Я красиво оделся. Белая рубашка, шелковый галстук, брюки цвета хаки, коричневые туфли ручной работы. Анонимный турист. Без национальных признаков. Прежде чем выйти из отеля, я выписался. Заказал обратный билет на самолет на следующее утро. Я был счастлив, когда вышел на улицы Бангкока. Редкое чувство свободы охватило меня. Прямо перед дверью отеля на корточках сидел нищий с протянутой рукой. Я вложил в его руку два доллара, и она тотчас же сомкнулась, превратившись в кулак.
Я побывал на бесчисленных дискотеках, прежде чем наконец нашел Мону. Она танцевала на позолоченном боксерском ринге вместе с четырьмя девицами. Помахала мне, будто ждала. Совсем не такая, как на крыше.
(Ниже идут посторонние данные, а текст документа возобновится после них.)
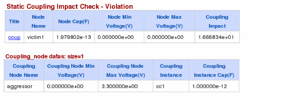 - The first section displays the node name of the victim. Next, the node capacitance (with respect to ground) of the victim is shown. The min/max voltage columns display the possible voltage range for this node. The coupling impact is a gauge used to measure the coupling impact of aggressor(s) on the victim. The coupling impact is a relative term and does not have any physical meaning.

Ниже, смуглее, моложе, примерно четырнадцати лет. Продолжала махать мне. Я помахал в ответ. Четырех девиц одну за другой разобрали немолодые европейцы.
Я купил Мону, и мы поднялись в неряшливую каморку с мятой занавеской, едва прикрывавшей вход. Сели на вонючий матрас. Взяв меня за руку, она сказала, что я должен пойти в храм и поставить за нее десять свечей. Ей нельзя покидать заведение. Но поскольку мы с ней были одно, боги не обидятся. Напротив, они поприветствуют меня. Я встал и пошел, не удаляясь от нее. Между нами не было расстояния.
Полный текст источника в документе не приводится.